How we keep Gremlin at five 9s

Sep 17, 2025

Kolton Andrus, Founder and CEO of Gremlin, walks you through how we keep Gremlin at five 9s availability. Find out how to be reliable with Gremlin → https://www.gremlin.com/

FULL TRANSCRIPT:

 At Gremlin, we kind of sucked at this five years ago. We had the tooling, we had the expertise, we had the intent, and we struggled to get people to just run the test on a regular basis. It was a bit spotty. It was a bit one-off. Over the last couple of years, I've focused a lot of my time and effort on product and engineering, and one of the things I did when we built this new Reliability Management, we built these reliability scores, is I did a few things:

First of all, we have an on-call rotation at Gremlin. Every engineer takes a turn. Every engineer runs all the reliability tests the week they're on call. So we just made it clear this is every person on the team's responsibility. We're not pushing this off to one person. The next thing I did is in our product operations meetings and our engineering staff meetings, I pulled up the dashboard and I pulled up the score and I looked at it.

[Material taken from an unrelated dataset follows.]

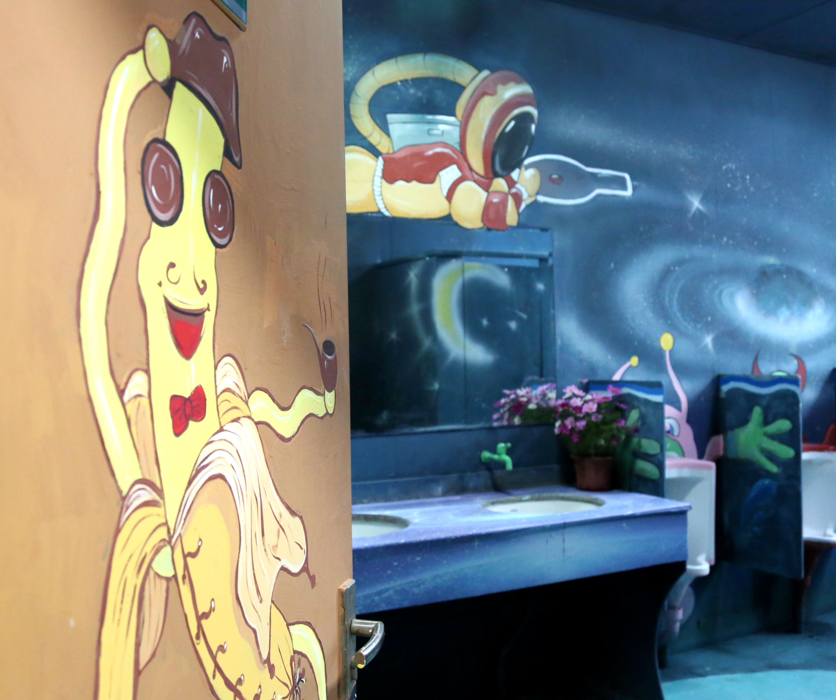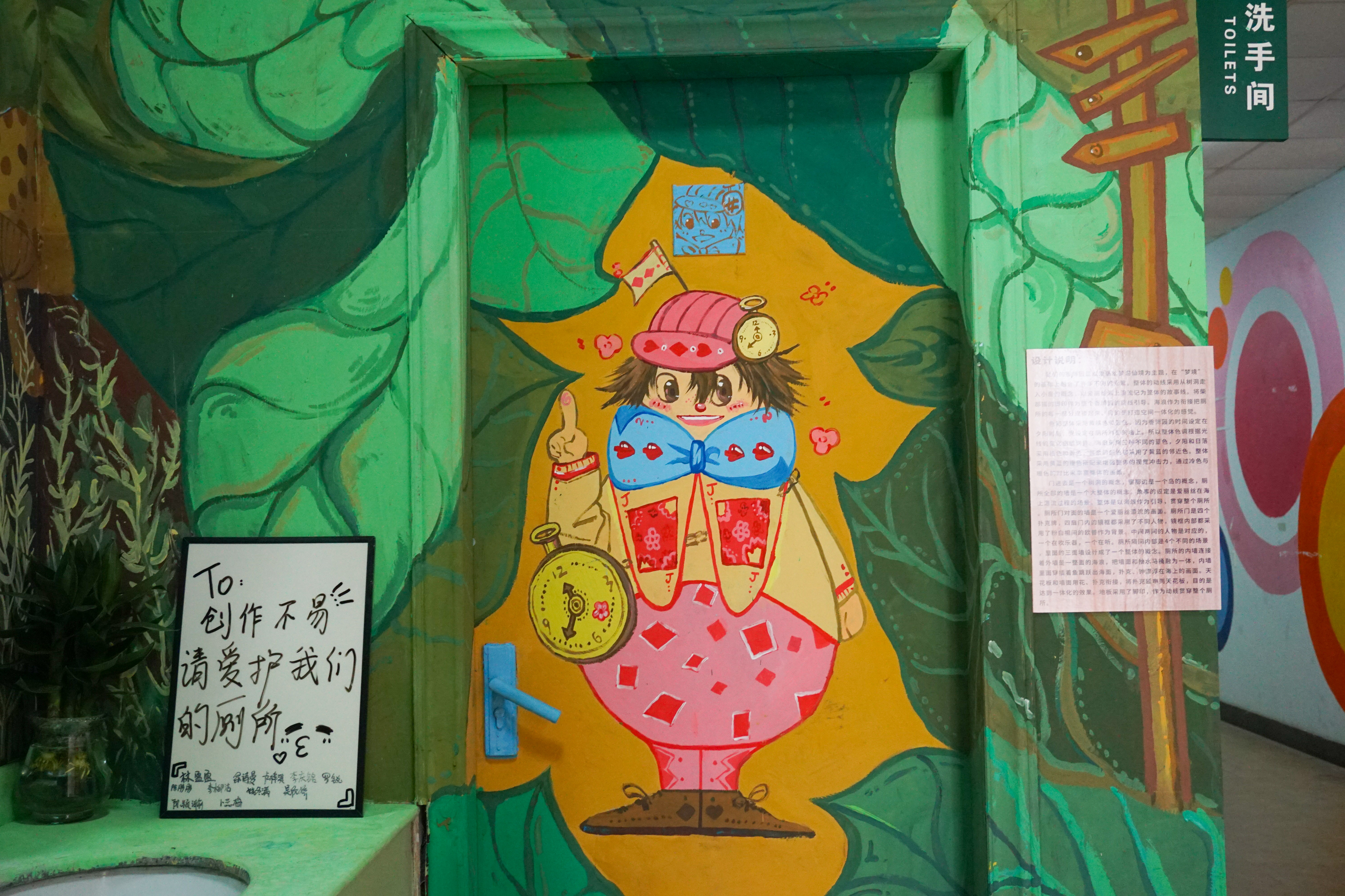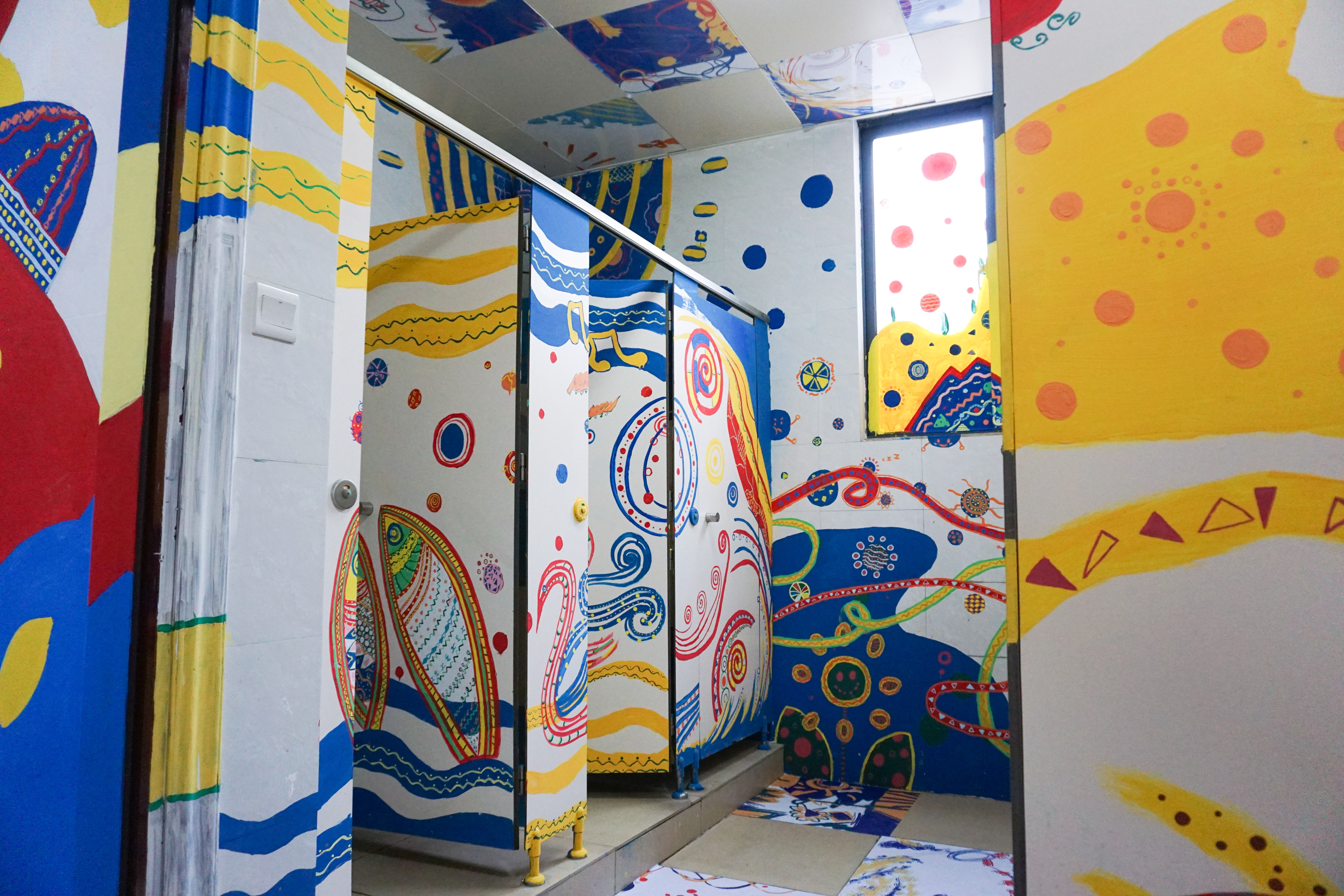 本次装置艺术以beat365官网卫生间为设计基础,创意设计学院副院长林右正教授带领2019级视觉传达设计专业3班同学,分为4个主题:《爱丽丝梦游仙境》(一)(二)、《宇宙星空》以及《撞色》,运用色彩的碰撞,与点线面的结合,绘制出4种不同风格的厕所装置设计,内容丰富有趣、题材创新多样,从色彩、表现内容、情节等,透过想象,以手绘及拼贴等多元应用方式表现,形成独具特色的卫生间装置艺术作品。
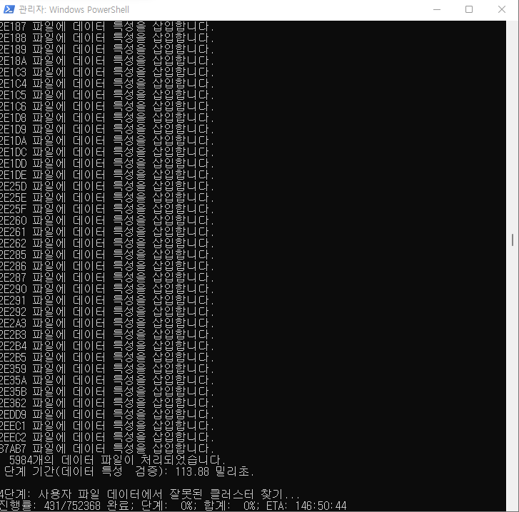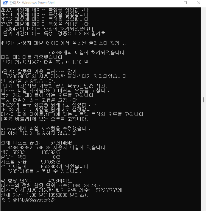 혹시나 해서 다시 한번 CHKDSK 명령을 수행합니다. 이번에는 /r 옵션이 아닌 /f 옵션으로 시도합니다.

And I asked questions about it and I said, this is important to me. And the team actually started in the on-call handoff comparing the diffs of the scores so they could explain why it had changed. Well, fast forward a couple of years, every person on my team has run all the tests.

Almost every test passes, our scores are in the upper nineties. I'll brag for a minute. We've been at four to five nines for the lifetime of the company. We know what we're doing here and we've practiced what we've preached, but the last couple of years have been exceptionally solid because of all the work we've done.

So it's hard to do, but if you bring in that accountability and those incentives you show your team that it's important. You can drive the right behavior.